» **Task item**
If an entry below contains an image, drop the image and retype the rest exactly.

» **Record excerpts**
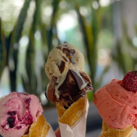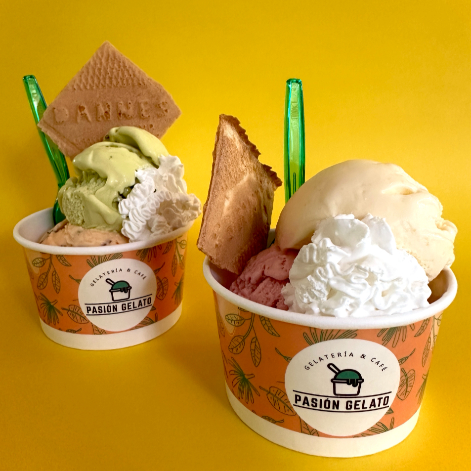 Tres sabores de gelato a eleccion, chantilli y galleta.
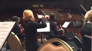 何が起こるかロシアの音楽家アナスタシア Konopleva は私たちを示しています, ときのハープなしオーケストラ リハーサル.
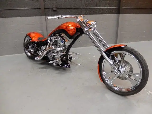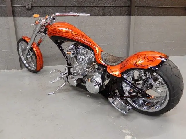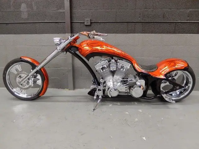 YOU WANT THE "BADDEST CAT IN THE JUNGLE". YOU WANT A CROWD OF PEOPLE EVERYWHERE YOU GO. IF NOT . DONT BUY THIS BIKE BECAUSE SHE SCREAMS ATTENTION : THIS IS NOT ONLY A MOTORCYCLE IT IS A WORK OF ART. 2008 THUNDER CYCLES DROP SEAT RIGID 124" FULLY POLISHED MOTOR. 6 SPEED TRANSMISSION. 300MM REAR TIEW. CANDY ORANGE OVER 24K GOLD LEAF BIKE IS ABSOUTELY STUNNING AND A PERFECTLY BALANCED RIDING AND HANDLING. THIS BIKE WAS NORTH OF 60K WHEN NEW THIS IS A SUPER DEAL DON'T PASS IT UP. PLEASE. NLY LOCAL AND SERIOUS INQUIRIES AND I MAY CLOSE THE ACTION EARLY IF MY PRICE WILL BE TOUCHED. REGARDING THE SHIPPING FEES PLEASE DO NOT FORGET PROVIDE ME YOUR ZIPPCODE
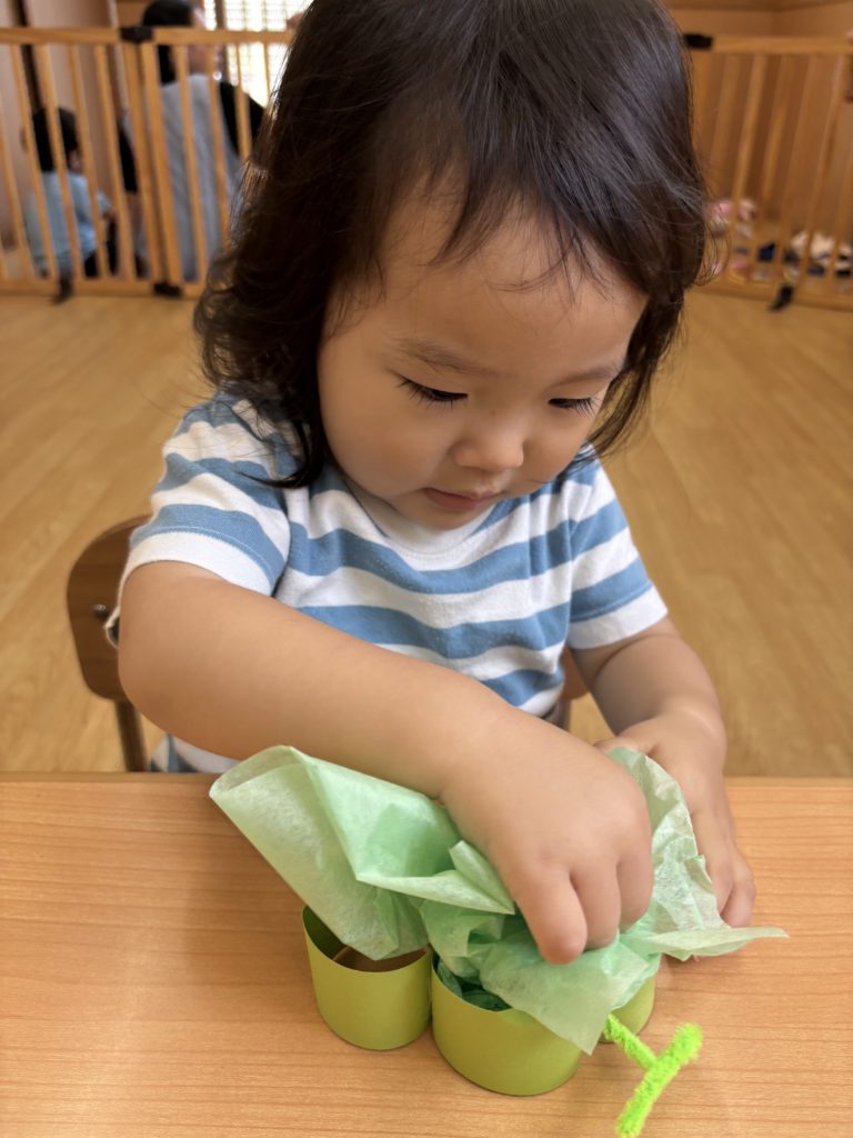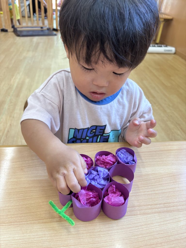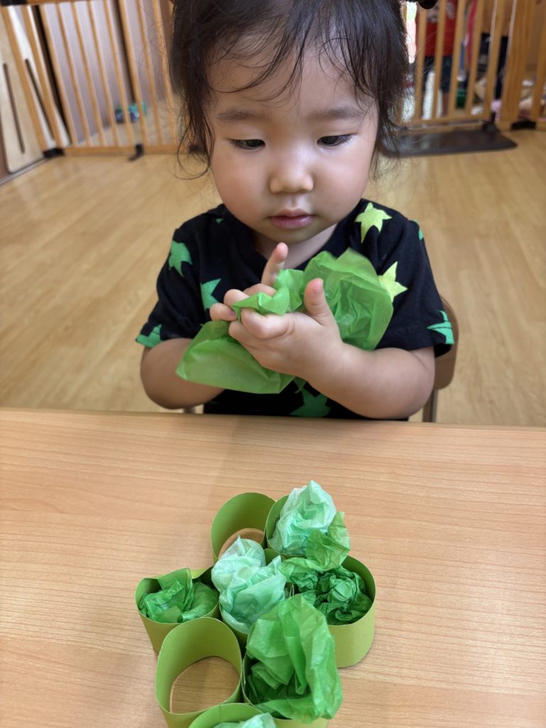 花紙を丸め、ぶどうの型に詰めてとても可愛いぶどうが完成しました✨✨
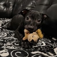 Deaf and ready to please! Affectionate, focused, athletic! Playful, social, affectionate! Playful, Social, Sweet Goofy, happy guy with a head tilt!

» **Solution**
 Tres sabores de gelato a eleccion, chantilli y galleta.
 何が起こるかロシアの音楽家アナスタシア Konopleva は私たちを示しています, ときのハープなしオーケストラ リハーサル.
 YOU WANT THE "BADDEST CAT IN THE JUNGLE". YOU WANT A CROWD OF PEOPLE EVERYWHERE YOU GO. IF NOT . DONT BUY THIS BIKE BECAUSE SHE SCREAMS ATTENTION : THIS IS NOT ONLY A MOTORCYCLE IT IS A WORK OF ART. 2008 THUNDER CYCLES DROP SEAT RIGID 124" FULLY POLISHED MOTOR. 6 SPEED TRANSMISSION. 300MM REAR TIEW. CANDY ORANGE OVER 24K GOLD LEAF BIKE IS ABSOUTELY STUNNING AND A PERFECTLY BALANCED RIDING AND HANDLING. THIS BIKE WAS NORTH OF 60K WHEN NEW THIS IS A SUPER DEAL DON'T PASS IT UP. PLEASE. NLY LOCAL AND SERIOUS INQUIRIES AND I MAY CLOSE THE ACTION EARLY IF MY PRICE WILL BE TOUCHED. REGARDING THE SHIPPING FEES PLEASE DO NOT FORGET PROVIDE ME YOUR ZIPPCODE
 花紙を丸め、ぶどうの型に詰めてとても可愛いぶどうが完成しました✨✨
 Deaf and ready to please! Affectionate, focused, athletic! Playful, social, affectionate! Playful, Social, Sweet Goofy, happy guy with a head tilt!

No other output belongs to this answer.